Revision history for this message
John Robinson (john.robinson) wrote :

Just an FYI, this is still present in 16.04.4 which I just `apt-get upgrade`d to. I have /boot/EFI on a md RAID1 with 1.0 metadata.

I'm not sure whether the severity is correct; as far as I could tell when hacking about with the efibootmgr command, the process had removed the 'ubuntu' boot entry before failing to add the new entry, so I suspect my system was unbootable.

I have now used efibootmgr to add a new boot entry, but I'm working remotely and I'm not going to attempt to reboot until I'm sitting in front of the machine with a rescue disc/stick to hand! In particular, I am not clear what level the efibootmgr command is operating at: when I did the add on /dev/sda, subsequently listing it suggested it was also present on /dev/sdb... and I'm not sure whether in fact I ought to have two separate boot entries, one for each disc, so that if sda is a bit screwed but still present, booting can proceed with sdb.

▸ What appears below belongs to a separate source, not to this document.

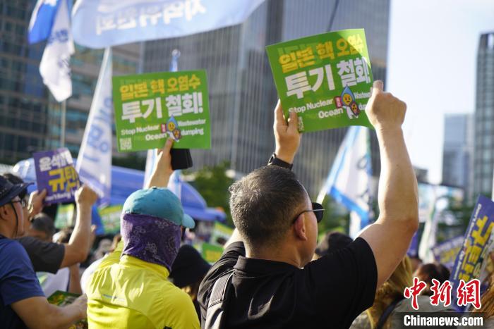 當(dāng)天下午,集會在首爾中區(qū)新聞中心前舉行。中新社記者在現(xiàn)場看到,大批民眾手舉寫有“停止日本排放核污染水行為!”“反對向海洋傾倒福島核污水!”等字樣的標(biāo)語,并高呼“立即停止向海洋傾倒核污染水!”“禁止進(jìn)口所有日本水產(chǎn)品!”等口號,要求日本停止向海洋傾倒福島核電站核污染水,并敦促韓國政府向國際海洋法法庭起訴日本。

Revision history for this message
Tony Middleton (ximera) wrote :

I agree that the severity is incorrect. Whenever grub-install is run - ie when the version of grub is upgraded - I end up with an unbootable system. Yes, my trusty rescue disk sorts it out but that's not a solution.

Referring to the comment above, I have two EFI entries, one for each disk. They both get trashed by grub-install so I recreate them by hand - either before reboot or after using the rescue disk.

Phillip Susi (psusi)
affects: grub2 (Ubuntu) → grub-installer (Ubuntu)
Changed in grub-installer (Ubuntu):
importance: Low → High
tags: added: id-5b16b1664f4c7a0f1fb8839f
Revision history for this message
Wladimir Mutel (mwg) wrote :

More and more people stumble upon this - https://bugs.launchpad.net/ubuntu/+source/grub2/+bug/1720572

Revision history for this message
Wladimir Mutel (mwg) wrote :

There is a patch at https://savannah.gnu.org/bugs/?46805 , why not try it ?

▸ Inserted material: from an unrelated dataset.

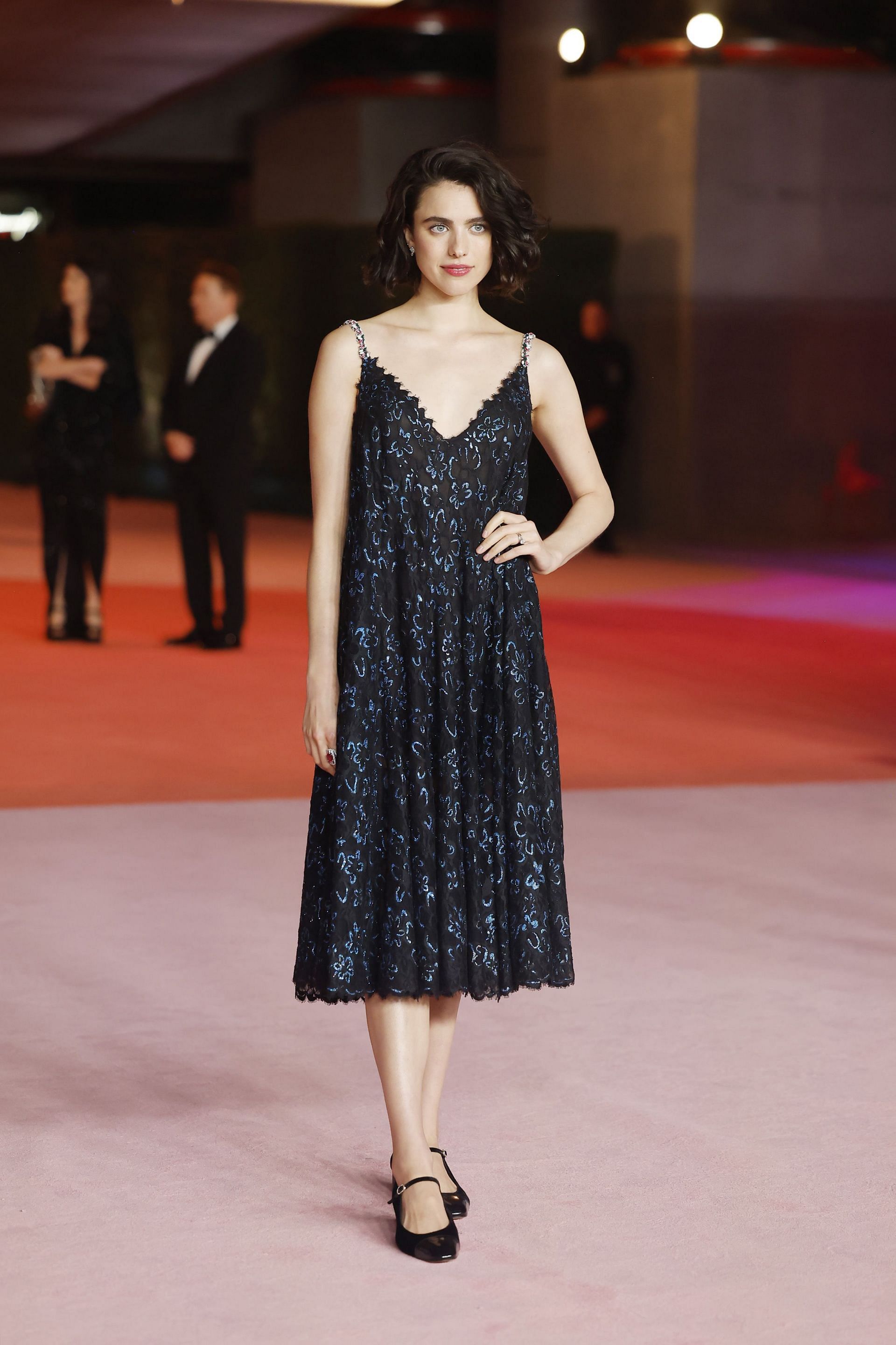 Margaret Qualley channeled a classic look in Chanel's knee-length gown, keeping a minimalistic appeal. With her bob-cut messy hair, Margaret exuded glamour in this loose-fit dress. She finished off the look with a black Mary Jane flat.

Revision history for this message
Mathieu Trudel-Lapierre (cyphermox) wrote :

All that patch would do is show a pretty error message earlier, not actually make sure the problem is fixed -- upgrades would still fail; installs would still fail on RAID.

This has to do with grub not grokking the metadata format on disk, which is avoidable by using metadata 0.90.

Revision history for this message
Phillip Susi (psusi) wrote : Re: [Bug 1466150] Re: grub-install breaks when ESP is on raid

On 8/21/2018 12:29 PM, Mathieu Trudel-Lapierre wrote:
> This has to do with grub not grokking the metadata format on disk, which
> is avoidable by using metadata 0.90.

What? Grub understands all of the metadata formats.

Revision history for this message
AnrDaemon (anrdaemon) wrote :

Then why it fails to install bootloader?… Even on 0.90 meta?

Revision history for this message
AnrDaemon (anrdaemon) wrote :

# grub-install --recheck --no-floppy /dev/md0
Installing for x86_64-efi platform.
efibootmgr: option requires an argument -- 'd'
efibootmgr version 0.5.4
usage: efibootmgr [options]

Revision history for this message
Sujith Pandel (sujithpandel) wrote :

This might be the fix?

Handle partition name parsing and formatting for partitioned md
https://github.com/rhboot/efivar/commit/576f55b02d9ec478bd5157352c884e3543bcca58

Revision history for this message
Alejandro Mery (amery) wrote :

I wrote a not-so-little wrapper for efibootmgr to pretend grub-install isn't broken:

# cd /bin
# mv efibootmgr efibootmgr.real
# ln -s efibootmgr.sh efibootmgr

efibootmgr.sh
---
#!/bin/sh

die() {
        echo "$*" >&2
        exit 1
}

run_device() {
        local devdir="$1" label= label_set=
        local devname= dev= partition=
        shift

        if [ "x$1" = "x-L" ]; then
                label_set=true
                label="$2"
                shift 2
        fi

        devdir="$(cd "$devdir" && pwd -P)"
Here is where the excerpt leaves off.